Collected material:

##########

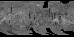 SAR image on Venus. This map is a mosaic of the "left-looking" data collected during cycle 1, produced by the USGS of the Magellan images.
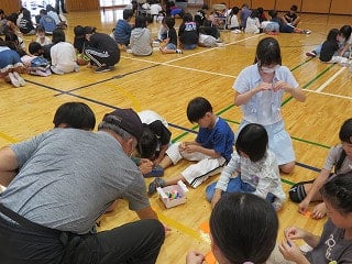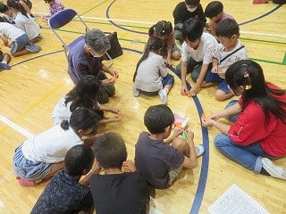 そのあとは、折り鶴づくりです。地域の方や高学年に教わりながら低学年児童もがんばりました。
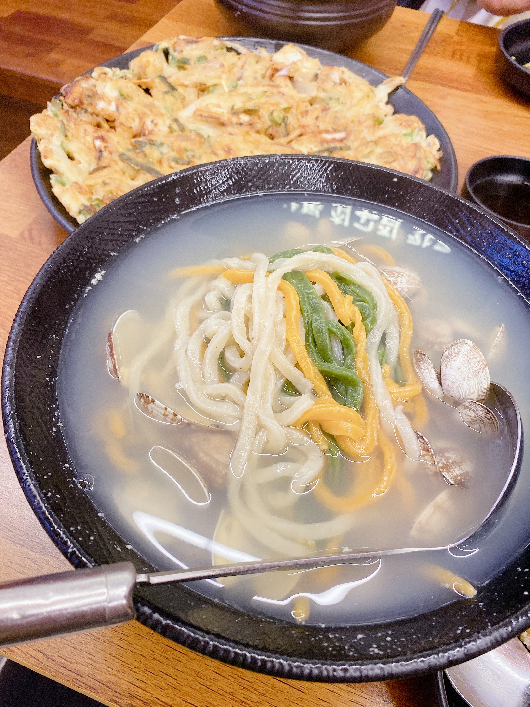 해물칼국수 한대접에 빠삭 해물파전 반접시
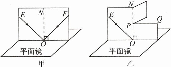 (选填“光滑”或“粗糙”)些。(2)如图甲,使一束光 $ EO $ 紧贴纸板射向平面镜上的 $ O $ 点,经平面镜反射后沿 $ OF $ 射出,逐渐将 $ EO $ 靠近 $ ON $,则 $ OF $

##########

What you should do: Retype the listing exactly. Leave the pictures out.

Answer box:
 SAR image on Venus. This map is a mosaic of the "left-looking" data collected during cycle 1, produced by the USGS of the Magellan images.
 そのあとは、折り鶴づくりです。地域の方や高学年に教わりながら低学年児童もがんばりました。
 해물칼국수 한대접에 빠삭 해물파전 반접시
 (选填“光滑”或“粗糙”)些。(2)如图甲,使一束光 $ EO $ 紧贴纸板射向平面镜上的 $ O $ 点,经平面镜反射后沿 $ OF $ 射出,逐渐将 $ EO $ 靠近 $ ON $,则 $ OF $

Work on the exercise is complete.